Using this information tool, we can check whether everything is in order with loading the main content of the page and the main html-code, that is, to make sure that our server is completely “live” and the main engine of the site does not slow down.

This is the first item on the list. By clicking on it, we get a more detailed server response time:







As we see here, our browser waited for data from the server for 68 milliseconds (the server formed the page on the request received from us) and 2 milliseconds it was received (which was fast enough).



Already from this information, it is sometimes possible to see that the problem consists in slow loading of the site - this, for example, is not a millisecond, but a 30-second formation of the main code of the page. This happens when the server or provider is overloaded with requests, inefficient code is used (the request on this page works for a long time) or there are some other reasons that the sysadmins and the programmer of the engine can analyze.



Below in the list of download graphs you will see which resources on the page load longer, which page resources the browser waits before displaying the page, and what blocks its display.



A common cause of blocking is the dependence of the start time of work on changing / forming the page content (before linking to the DOMContentLoaded event) of scripts from any external statistics collection services, advertising engines or link exchange pages.

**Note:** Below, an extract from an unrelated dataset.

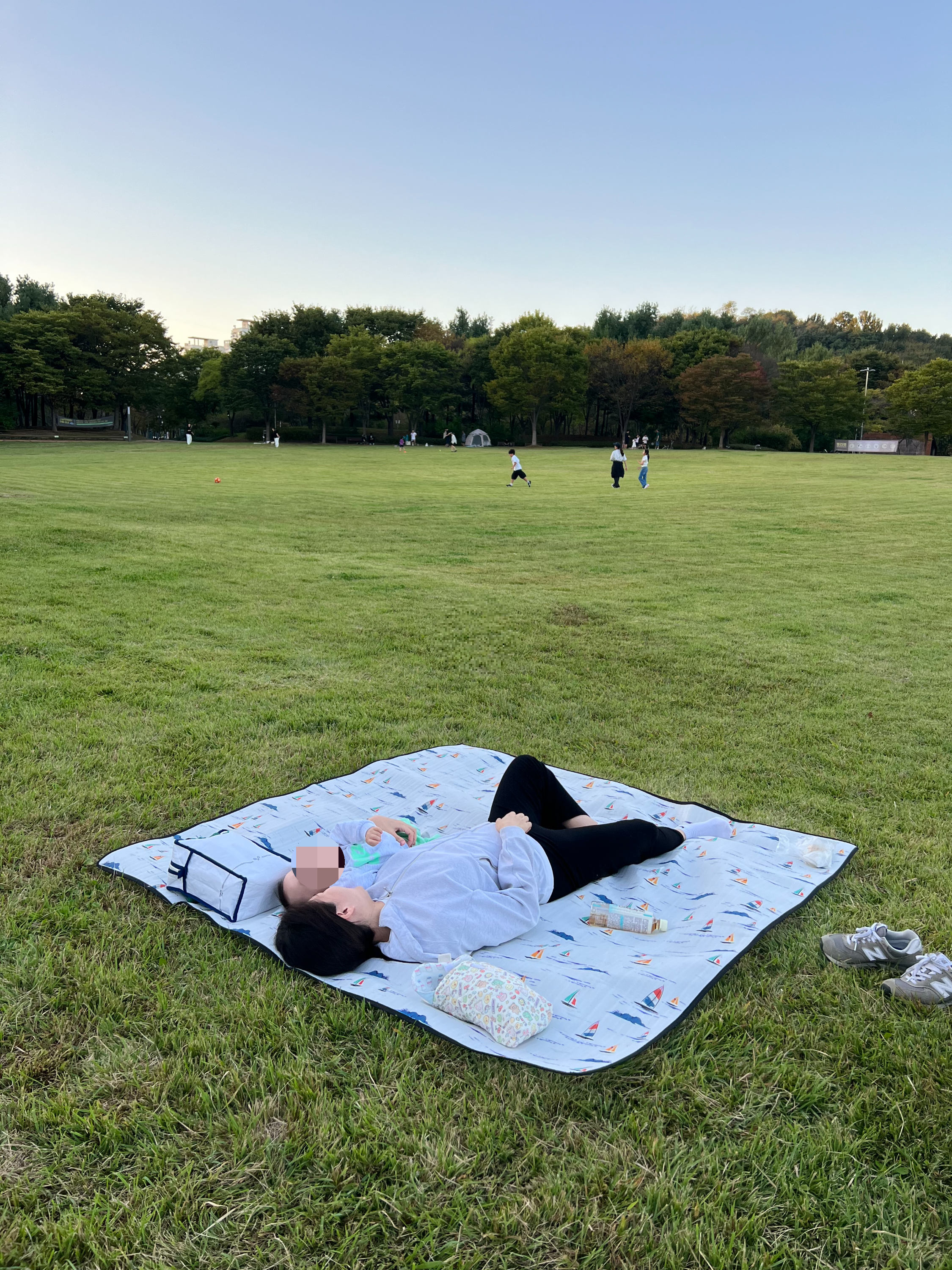 아내가 탁트인 그늘진 공간에서 돗자리피고 누워서 쉬고싶다고 오늘 말했었는데 신기하게 그런 공간을 찾았다.

Usually these are pieces of a script for inserting "one more" external script:



 <script> document.write('<scr'+'ipt type="text/javascript"'+' src="http://jsc.dt00.net .... </script> 




These systems are located on foreign servers and are often inaccessible to our sysadmins, so they can behave as they please, for example:







That is, until it loads and executes the <script ...> block, which in turn refers to an external resource, the browser will expect results from it, often not displaying the content of the page or displaying it incorrectly, although modern browser engines can work ahead of the curve.



Here and in the screenshot above, the work of the scripts on the page started with a delay of 135 ms due to the download of the ad script from admobi.ru (admobi.js). There are cases when the distribution server code advertising and statistics is available, but responds slowly, and the browser, successfully connected with it, can wait a response for tens of seconds.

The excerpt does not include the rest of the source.